Это была первая дальняя воздушная экспедиция СССР.
В перелете Москва – Пекин участвовало шесть однотипных самолетов. И в этом отношении перелет был первым и мире. В самом грандиозном американском перелете вокруг света участвовало лишь пять однотипных машин.
Но самое замечательное в перелете было то, что наряду с двумя «Юнкерсами» летели 4 самолета, построенные на советских авиазаводах, – три биплана и один пассажирского типа. Два биплана «Р-1» были не только построены на советских заводах, но имели и моторы нашей конструкции и производства.

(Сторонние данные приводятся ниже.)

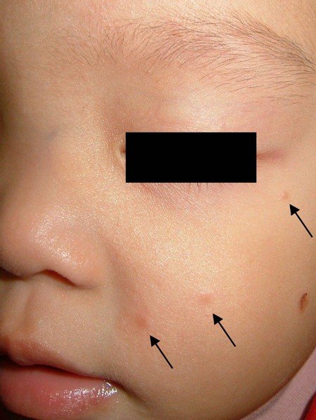 圖三 八個月大女嬰,臉上有散在性丘疹樣病灶,皮屑經顯微鏡檢查後證實為疥瘡。

В то время наша авиационная промышленность только начинала paзвиваться. За границей не хотели верить, что в СССР научились строить моторы. Да и у нас многие еще недоверчиво относились к советским моторам.
Воздушный путь, на котором предстояло советским моторам держать экзамен и соревноваться с «Юнкерсами», был неисследован: Уральские горы, сибирская тайга, озеро Байкал, пустыня Гоби, монгольские степи и горы и, наконец, далекий, загадочный Китай.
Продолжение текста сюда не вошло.